Helena was invited to Rome, where Constantine appointed her as Augusta and Empress. About a year later, Constantine made Christianity the official religion of the Roman Empire, possibly under the influence of his mother. He authorized her to go on a long and arduous journey, by sailboat and on mule back, to Syria and the land of Jesus, to discover his relics. The journey took about two years, from 326 to 328 AD and according to the testimony of historians such as Socrates Scholasticus, she returned to Rome when she was about eighty.
We have no real idea what St Helena looked like, therefore many artists tried to imagine her. She's always recognizable in Christian art by her attribute, which is the True Cross she allegedly found. Often she is presented in an idealist formalized image, often not relating to her advanced age when she found the cross. Here is an example by Cima da Conegliano 1495. A more realistic figure of Saint Helena, by Altobello Melone, which clearly shows her advanced age. (c) The Ashmolean Museum of Art and Archaeology; Supplied by The Public Catalogue Foundation. In Greek orthodox iconography, Helena is often presented with her son Emperor Constantine, both dressed in Imperial attire. This icon is placed outside a small, ancient chapel on the roof of Basilica of the Holy Sepulcher called after them: Chapel of Helena and Constantine.
Saint Helena's voyage to Jerusalem in search of the Cross, by Altobello Melone. She arrives at a house with a scene of the Last Supper, symbolizing Jerusalem.

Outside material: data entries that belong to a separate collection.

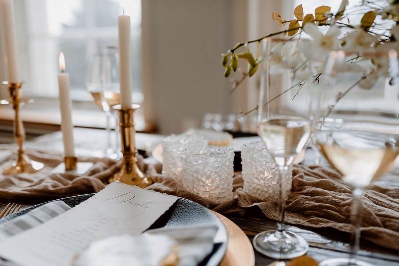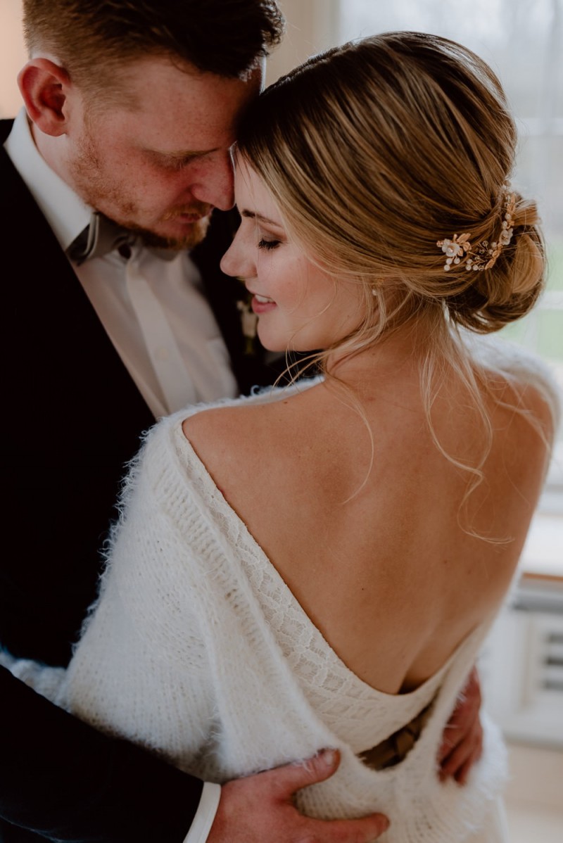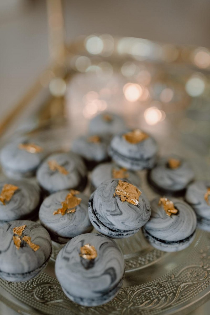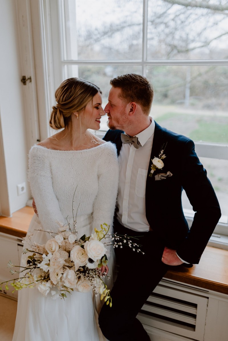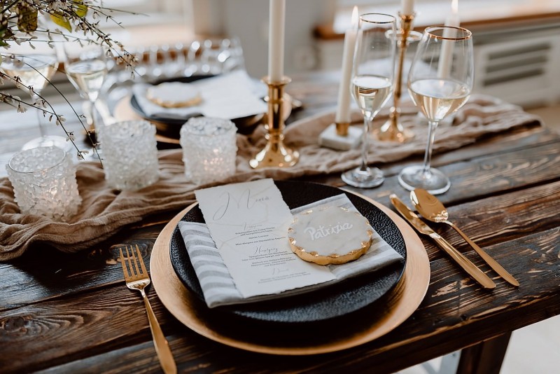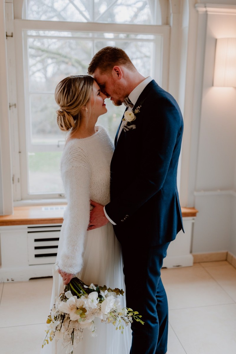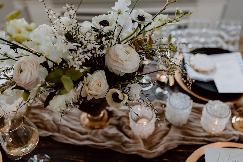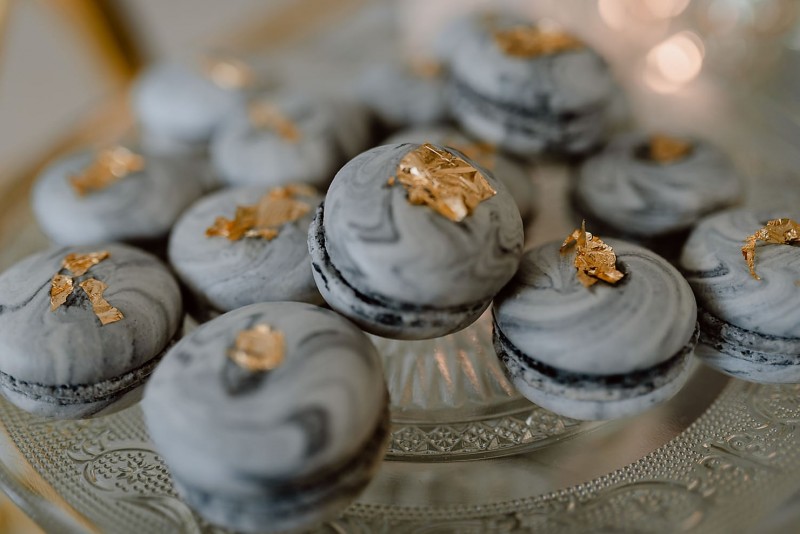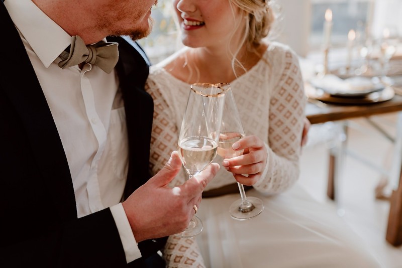 In dieser Inspiration einer Hochzeit ganz im Motto Gold meets Marble, warten ein zuckersüßes Brautpaar und ganz viele feine Details auf euch! Romantisch wird es ebenfalls, nicht zuletzt, weil diese Hochzeitsinspiration im hübschen Schloss Styrum entstanden ist. Vor allem aber dominieren die klassischen und festlichen Vibes. Hochzeitsfotografin Nicole Otto Photographie hat diese Inspiration für uns fotografiert, bei der sie auch die zarte Hochzeitspapeterie entworfen hat. Schon hier trifft Klassik auf Romantik durch die Verwendung von weißem Papier mit gerissenen Kanten, schwarzer geschwungener Schrift, goldenen Siegeln und zarte Seidenbändern von Oh so preppy. Perfekt dazu wählte Anna von Miet me at the wedding die Dekoration. Fließende Stoffe, goldene Details, die auf zarte Blumen und schwarze Akzente treffen. Die Floristik übernahm Runo Blumen und setzte mit weißen Details und einem Hauch Farbe auf die klassische Schönheit mit einem wilden Touch. Während die große dunkle Tafel klassisch wirkt, sind die durchsichtigen Stühle ein toller und moderner Hingucker, den der Möbelverleih Sitzplätzchen hier für uns durch die gesamte Möbelwahl inszeniert. Natürlich ist auch das Brautpaar ein absoluter Hingucker. Auch hier dominieren klassische Züge. Das Brautkleid ist ein Zweiteiler von Noni Mode, dessen Oberteil durch einen hochgeschlossenen Schnitt und lange Ärmel begeistert. Dazu kombiniert, ein zarter und fließender Tüllrock, der den klassischen Look um eine Portion Romantik erweitert. Dank des farblich abgesetzten Gürtels und einem kuscheligen Pullover passt die Braut perfekt in die festliche Szenerie und setzt weiche Akzente an der Seite ihres Bräutigams im schwarzen Anzug mit Fliege. Auch das Brautstyling wurde eher klassisch gehalten und von Hair & Makeup Artist Lisa Knape kreiert. Perfekt ergänzt um die kleinen Ohrstecker und das zarte Headpiece von La Chia Headpieces. Natürlich wurde an diesem Tag auch an das leibliche Wohl gedacht. Die wunderschöne Hochzeitstorte teils in weißem Fondant, teils in Marmoroptik und mit zarten Blüten aus Fondant verziert, kreierte The Baker’s Wife. So wie auch die besonderen Macarons im Marmorlook mit feinem Blattgold. Klassisch muss eben nicht starr sein. Im Gegenteil! Durch die Wahl moderner Akzente und Materialen entsteht Leichtigkeit, die den klassischen Look neu interpretiert. Ganz viel Freude euch mit dieser feinen Inspiration in Gold und Marble!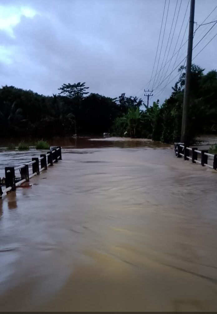 Akibat tingginya debit air, jembatan penghubung utama di jalur tersebut tergenang dan tidak dapat dilalui kendaraan. Kondisi ini membuat akses transportasi warga untuk sementara terputus dan aktivitas masyarakat di kedua desa menjadi terganggu.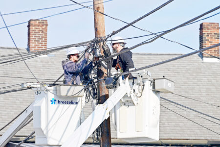 A crew from Breezeline works on a utility pole along Strawberry Alley in Hollidaysburg on Monday afternoon.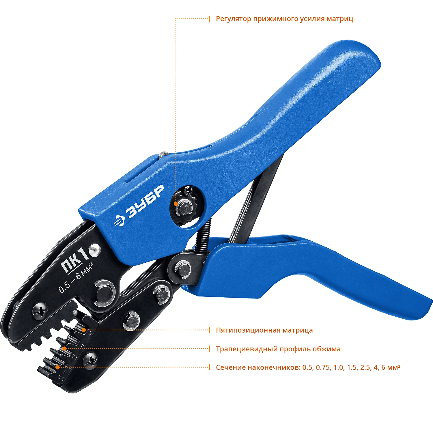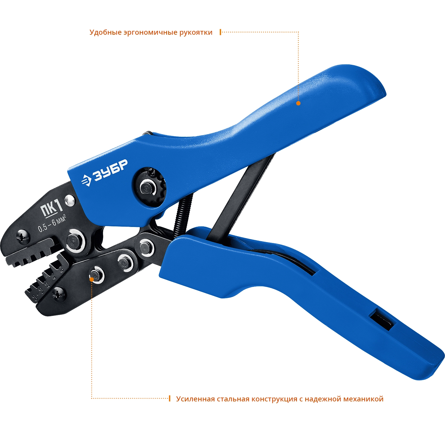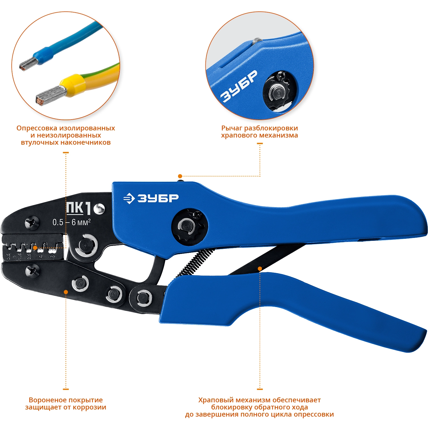 ПроизводителиПресс-клещи для втулочных наконечников 0.5-6мм.кв "ПК-1" "Профессионал" (45456-1) ЗУБР

Helena came to Palestine and began her research. She discovered four locations, which would turn out to be constituent for Christianity in the Holy Land and initiated construction, with the support of her Emperor Son, of the first four churches in the Holy Land. A. At the location of Christ's Nativity. B. The tomb of Jesus - the Church of the Holy Sepulcher. C. The Church of the Olive Grove (Ελαιώνα, Eleona) on the top of the Mount of Olives. D. Mamre Church in Hebron. Of the latter two only a few ruins remain, but the first two have become the focus of Christian pilgrimage, the epicenter of the crusades, and a pretext for wars between Christians and Muslims to this day. Until recently, they were a major source of revenue in the tourism of both Israel and Palestine, with millions of pilgrims coming to worship from the four corners of the Earth.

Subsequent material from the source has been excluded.